ACTION ITEM -
Starting at the line that contains "圖為工作人員在農(nóng)", transcribe each line through the end of the material below, exactly and nothing else, leaving out the pictures.

AVAILABLE DATA -
-----

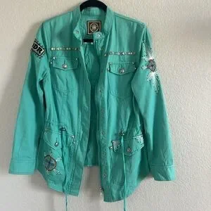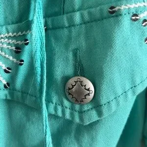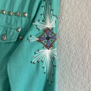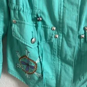 Double D Ranch turquoise jacket that features an Indian-inspired design. The jacket has accents of embroidered designs along with studs, rhinestones and patches. Adjustable waist drawstrings, hidden zipper with snap button closure, 4 button closure pockets, shirttail hem front and straight hem rear. No lining.
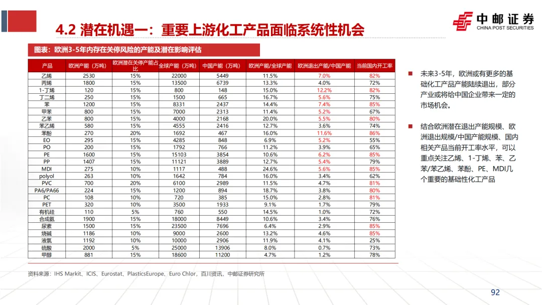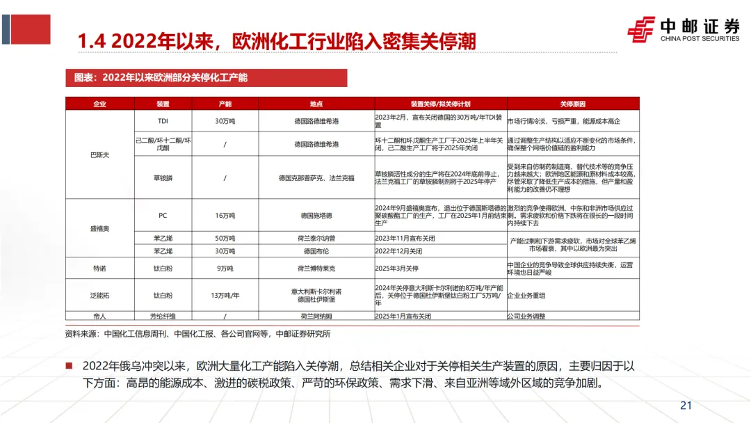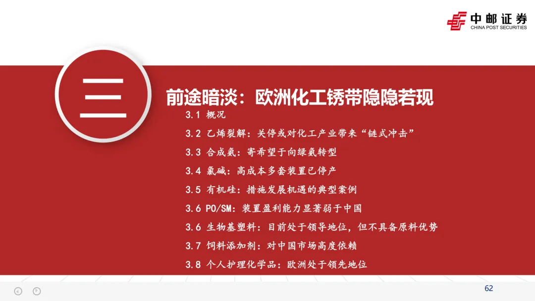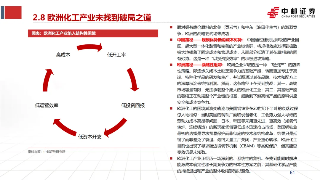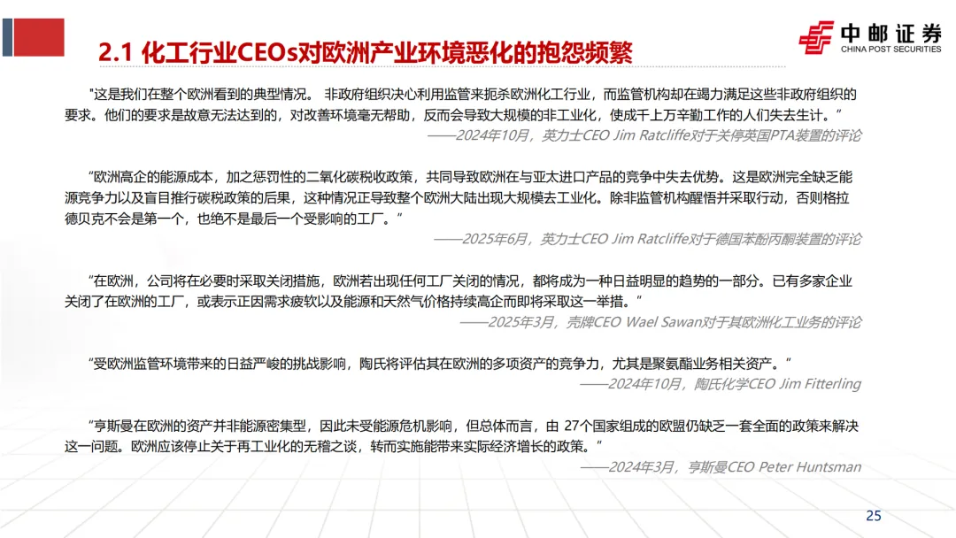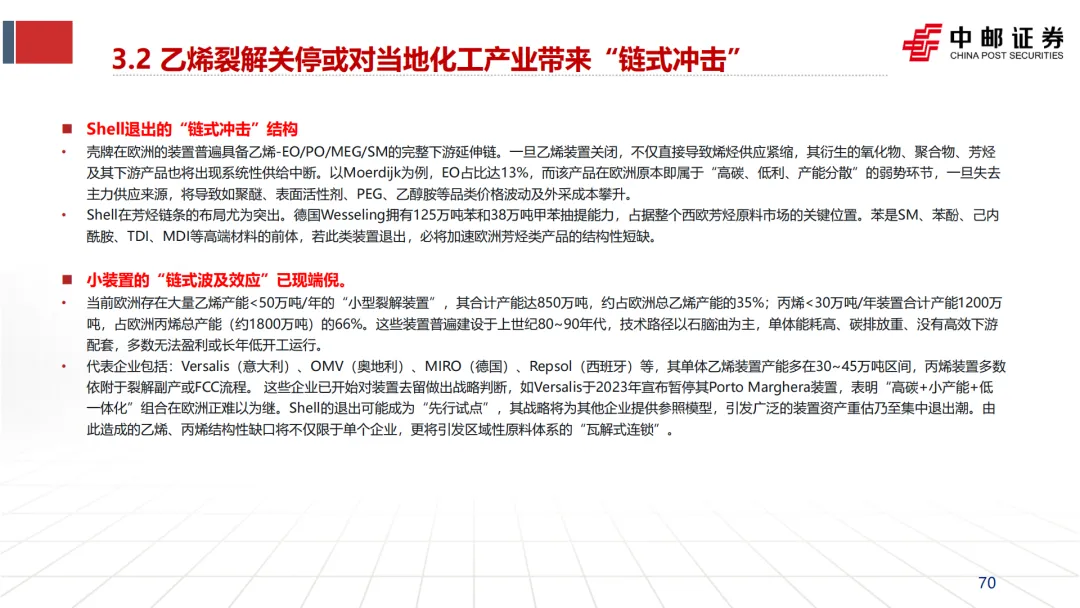 引发并加速“去工业化”:英力士、壳牌等企业CEO在关停装置时,均将“高昂的能源成本”列为首要原因(见文档第25页企业评论)。这直接导致了欧洲乙烯、合成氨、氯碱等基础产能的关停潮。
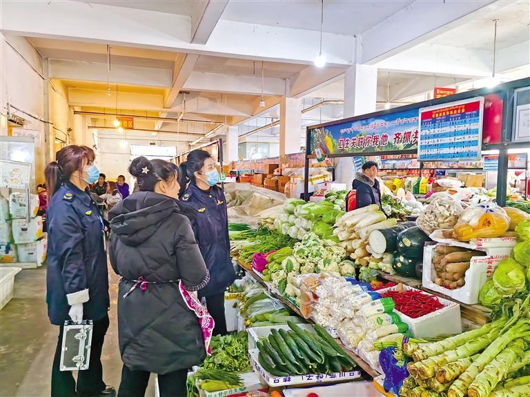 圖為工作人員在農(nóng)貿(mào)市場重點(diǎn)檢查“兩個(gè)責(zé)任”工作機(jī)制和索證索票、進(jìn)貨查驗(yàn)等制度落實(shí)。
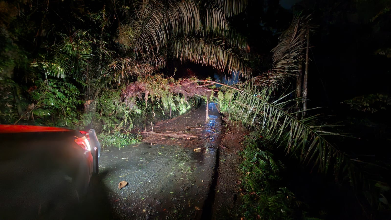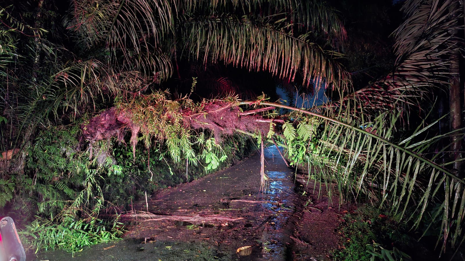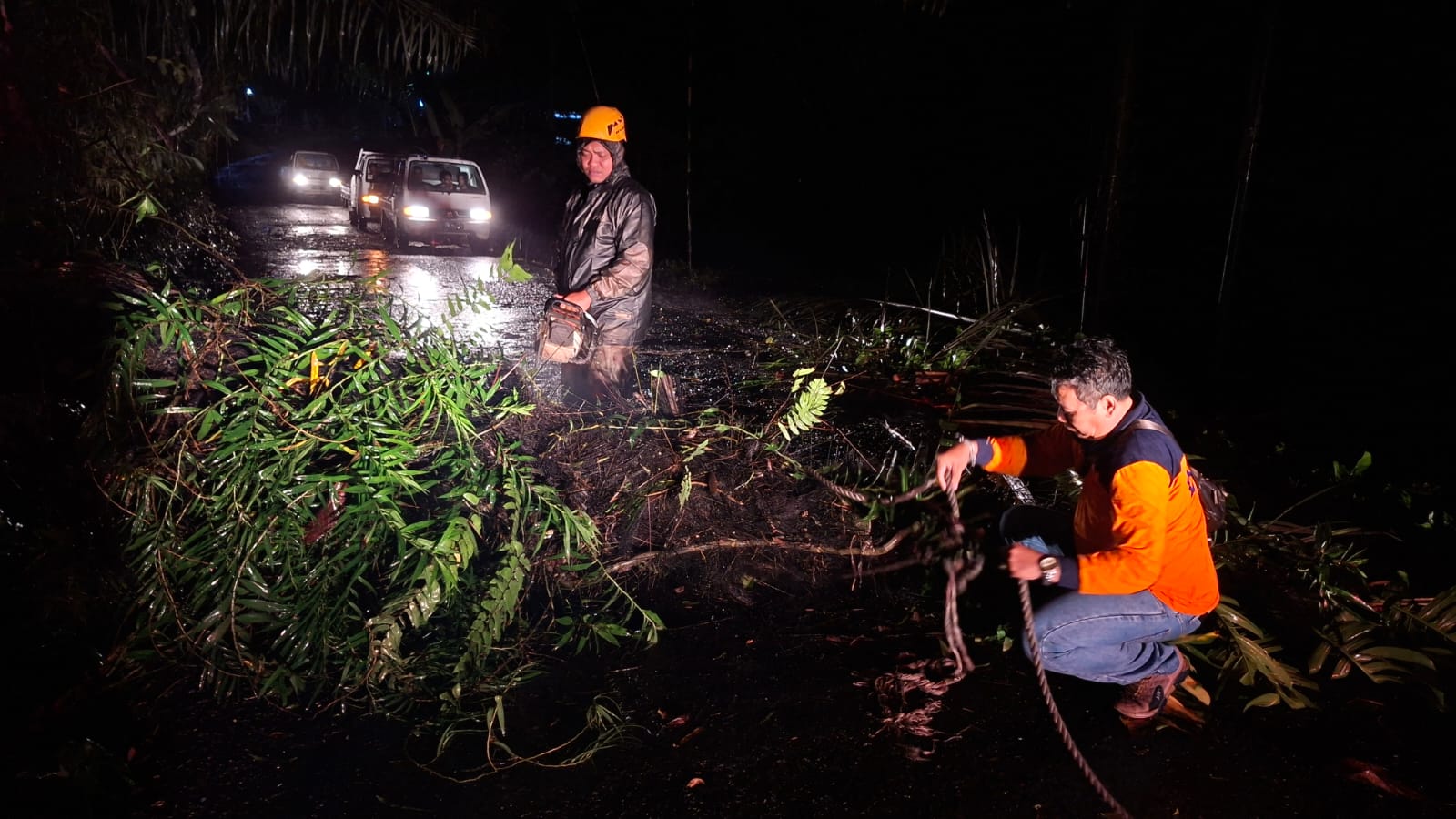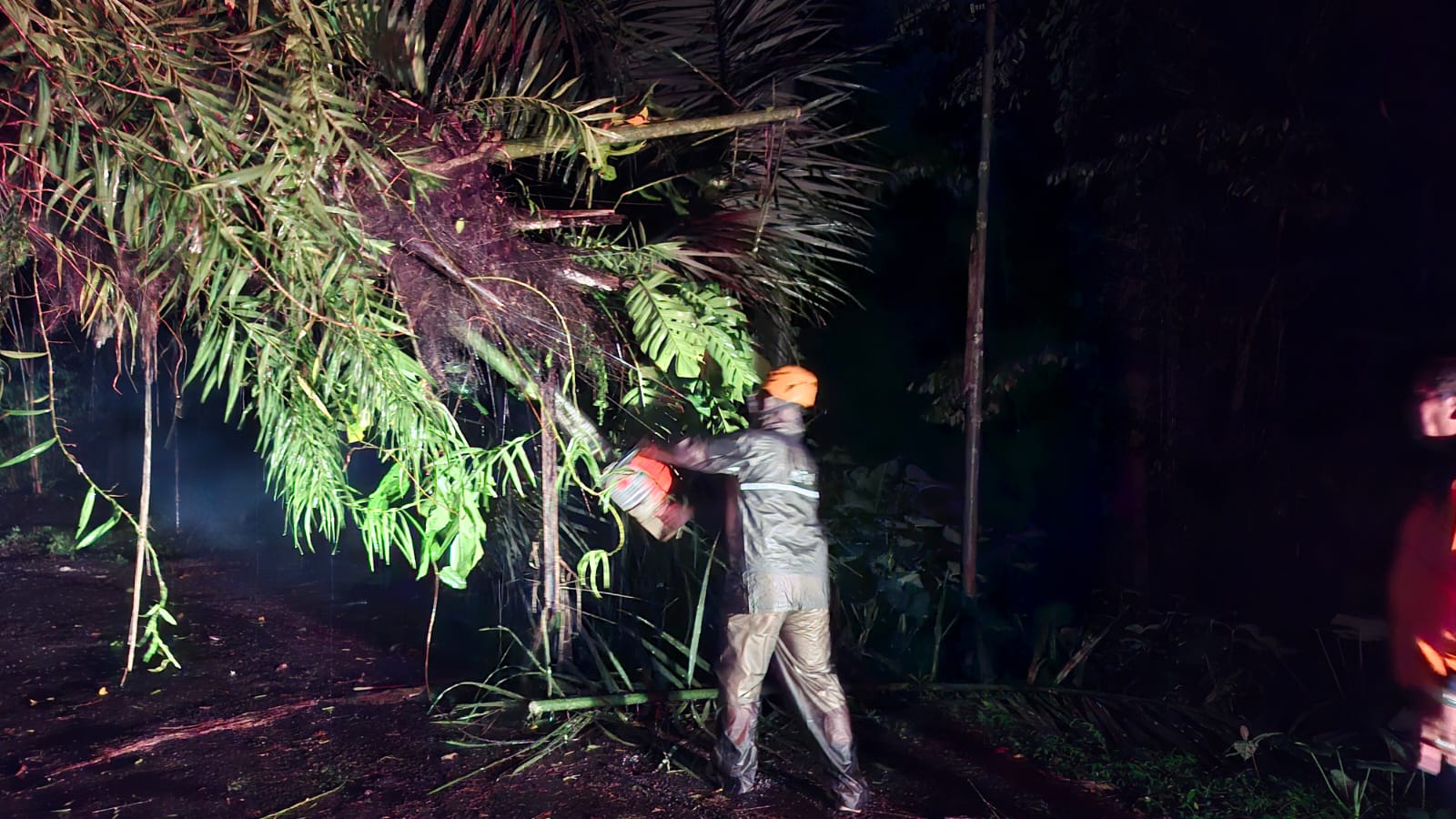 Penanganan pohon tumbang jenis pohon Aren, menutupi seluruh badan jalan, diameternya sekitar 90 cm, pohon tumbang yang disebabkan oleh hujan deras disertai angin kencang menyebabkan tumbangnya pohon tersebut.

-----

EXERCISE OUTPUT -
 圖為工作人員在農(nóng)貿(mào)市場重點(diǎn)檢查“兩個(gè)責(zé)任”工作機(jī)制和索證索票、進(jìn)貨查驗(yàn)等制度落實(shí)。
 Penanganan pohon tumbang jenis pohon Aren, menutupi seluruh badan jalan, diameternya sekitar 90 cm, pohon tumbang yang disebabkan oleh hujan deras disertai angin kencang menyebabkan tumbangnya pohon tersebut.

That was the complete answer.